Instructions to follow =>
Where a line contains "3. ワンピース Aライン", begin there and restate word for word every line to the end of the entries below, pictures excluded.

Available records =>

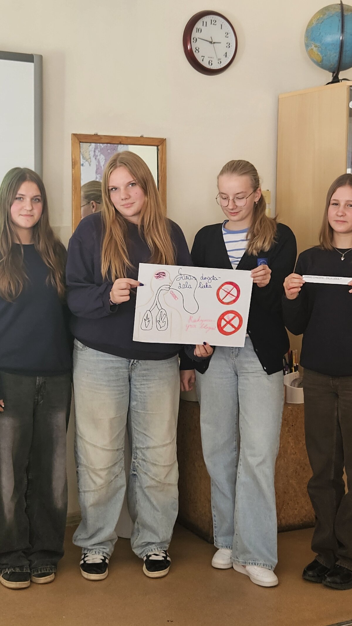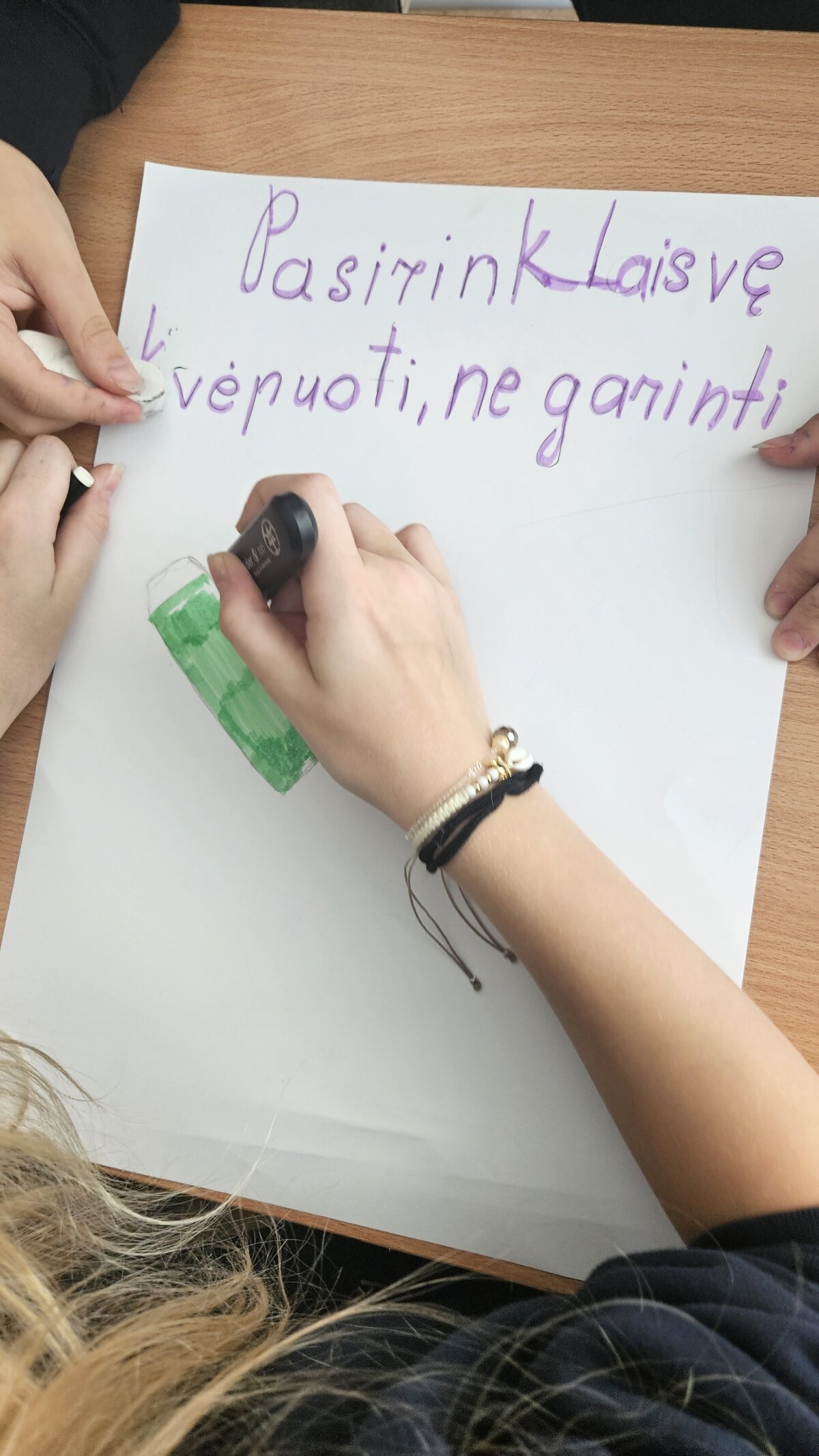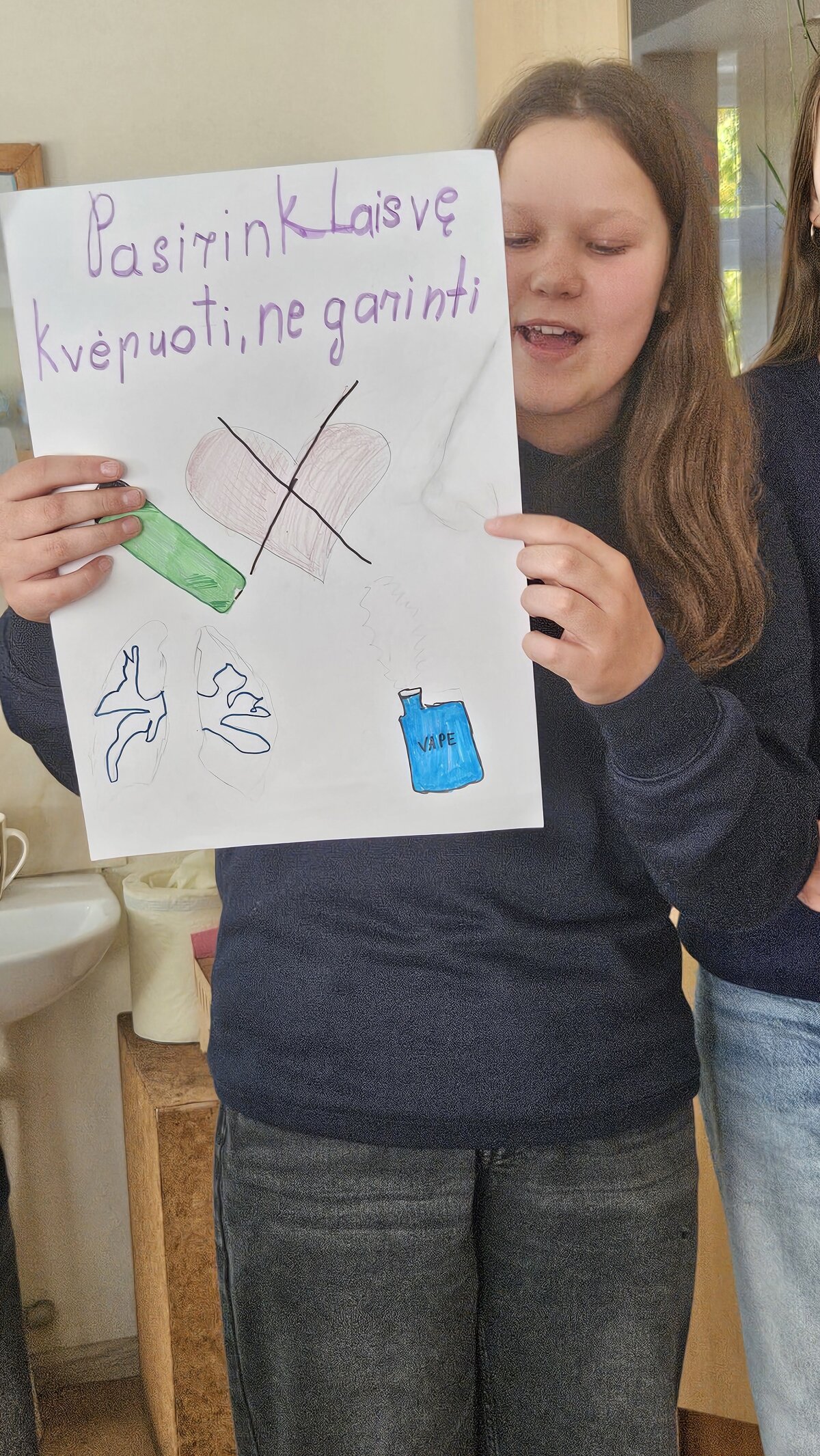 Siekiant įtvirtinti žinias, vyko trumpa viktorina, kurios metu mokiniai aktyviai atsakinėjo į klausimus. Antroje užsiėmimo dalyje mokiniai kūrė plakatus atspindinčius jų požiūrį į rūkymo ir garinimo žalą.
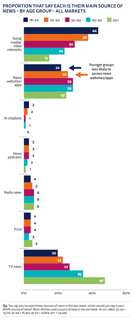 En todos los mercados, el 44% de las personas de 18–24 años dicen que su fuente principal de noticias son las redes sociales o plataformas de video.
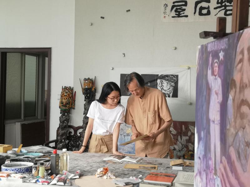 A crew member of the documentary, New China in Color, visits painter Wang Wei (R). [Photo provided to China Daily]
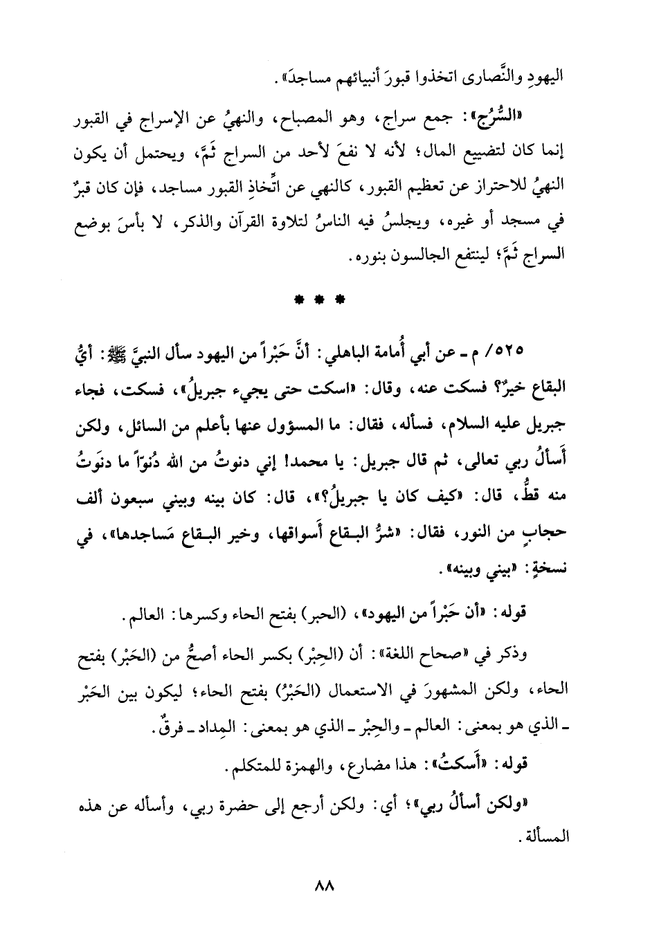 525/ م - عن أبي أُمامة الباهلي: أنَّ حَبْرًا من اليهود سأل النبيَّ - صلى الله عليه وسلم -: أيُّ البقاع خيرٌ؟ فسكت عنه، وقال: "اسكت حتى يجيء جبريلُ"، فسكت، فجاء جبريل عليه السلام، فسأله، فقال: ما المسؤول عنها بأعلم من السائل، ولكن أَسألُ ربي تعالى، ثم قال جبريل: يَا محمد! إنِّي دنوتُ من الله دُنوًّا ما دنوَتُ منه قطُّ، قال: "كيف كان يَا جبريلُ؟ "، قال: كان بينه وبيني سبعون ألف حجابٍ من النور، فقال: "شرُّ البقاع أَسواقها، وخير البقاع مَساجدها"، في نسخةٍ: "بيني وبينه".
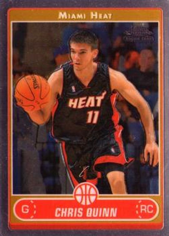 The Chris Quinn 2006 Topps Chrome #181 Base Rookie card is 1 of 14 Chris Quinn's card variations in the 2006 Topps Chrome set being tracked by Sports Card Investor, including Framed Press Plates Black /1, Framed Press Plates Cyan /1, Framed Press Plates Magenta /1, Framed Press Plates Yellow /1, and Autographs - Black Refractor.
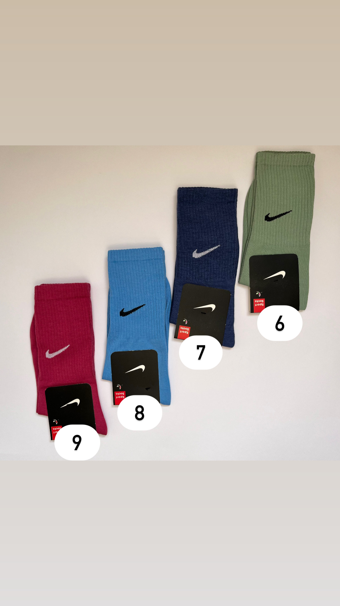 جوراب نخی و باکیفیت و محکم ساقدار نایکی رنگبندی جذاب مناسب بزرگسال نکته۱؛ جهت ثبت سفارش به کدهای داخل تصویر دقت کنید نکته۲؛ امکان مغایرت یک تادو درجه رنگ باتوجه به نور و زوایای عکاسی
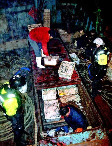 지난해 중국어선 단속 과정에서는 경찰관 14명이 다쳤고 해마다 10명이 넘는 부상자가 나오고 있다. 그는 “단속과정에서 중국선원이 보여주는 폭력은 단순한 저항을 넘어 해적에 가깝다”며 “쇠파이프와 도끼는 예사고 심지어 대검까지 휘두르고 있다”고 전했다.
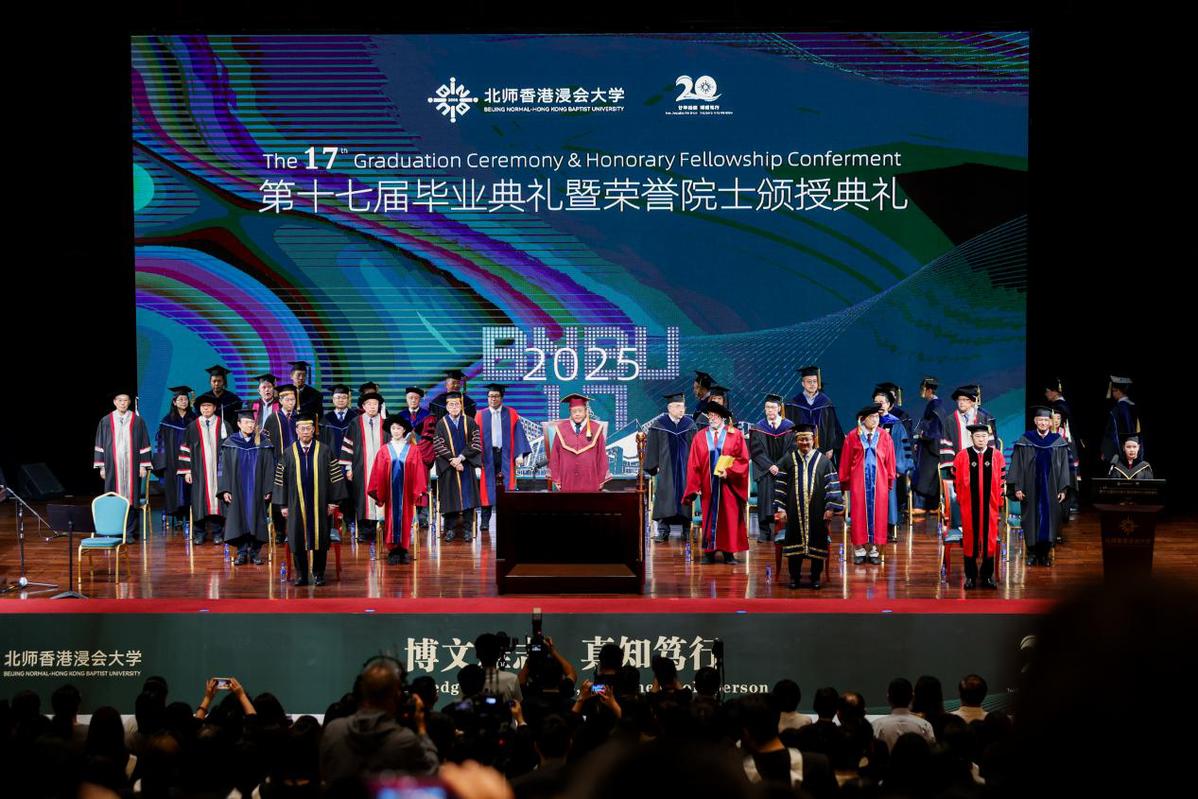 北师香港浸会大学(中文简称:北师港浸大;英文简称:BNBU)于6月8日举行第十七届毕业典礼暨荣誉院士颁授典礼,颁授荣誉院士荣衔予五位来自科学、教育、文化等不同领域的杰出人士,以表彰其在专业领域取得的卓越成就、对社会发展的突出贡献,以及对北师港浸大的支持。
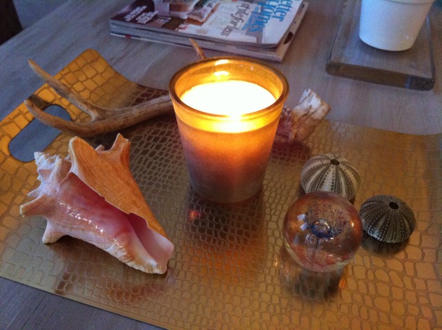 While Mr. Bee is busy ripping out shelving in Miss Bee’s closet to prepare for the Elfa invasion, I am snapping photos of the summer coffee table décor. Little things I’ve collected over the summer.
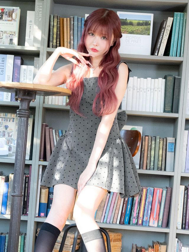 3. ワンピース Aライン ミニドレス ノースリーブ 上品 背中魅せ ドット柄 ピンドット バックリボン 同伴 キャバドレス (戦慄かなの着用)
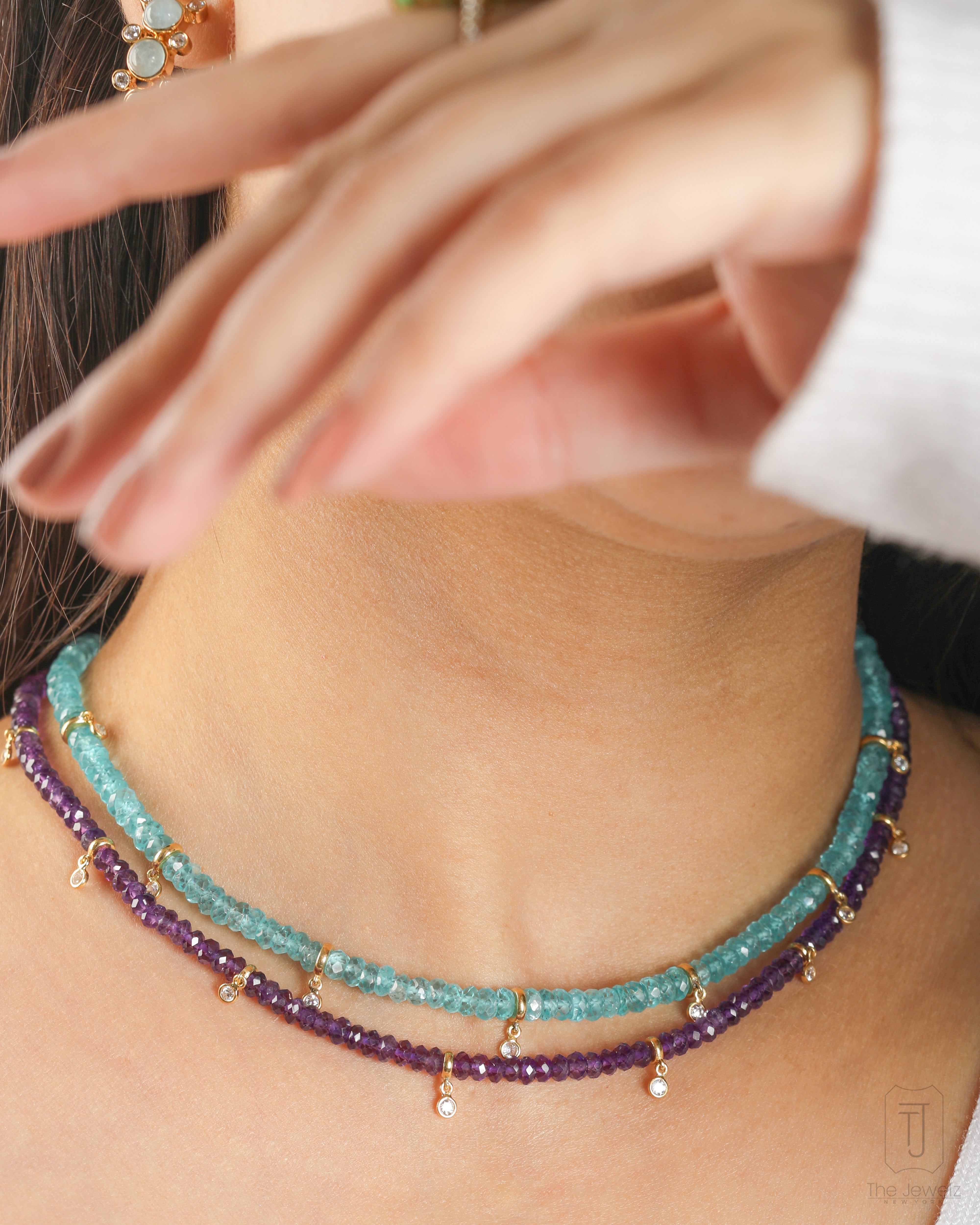 Forget the seashells, this necklace is the real beach treasure! Beach and Bead Necklace - a cascade of shimmering amethyst beads whispering tales of underwater wonder. It's like capturing the ocean's cool embrace and the sun-drenched serenity of a hidden cove, all in one breathtaking piece. Dress it up for a touch of bohemian royalty or add a hint of beachy magic to your everyday look. This necklace is a silent statement piece, guaranteed to turn heads and spark conversations as captivating as the ocean itself.

Exercise solution =>
 3. ワンピース Aライン ミニドレス ノースリーブ 上品 背中魅せ ドット柄 ピンドット バックリボン 同伴 キャバドレス (戦慄かなの着用)
 Forget the seashells, this necklace is the real beach treasure! Beach and Bead Necklace - a cascade of shimmering amethyst beads whispering tales of underwater wonder. It's like capturing the ocean's cool embrace and the sun-drenched serenity of a hidden cove, all in one breathtaking piece. Dress it up for a touch of bohemian royalty or add a hint of beachy magic to your everyday look. This necklace is a silent statement piece, guaranteed to turn heads and spark conversations as captivating as the ocean itself.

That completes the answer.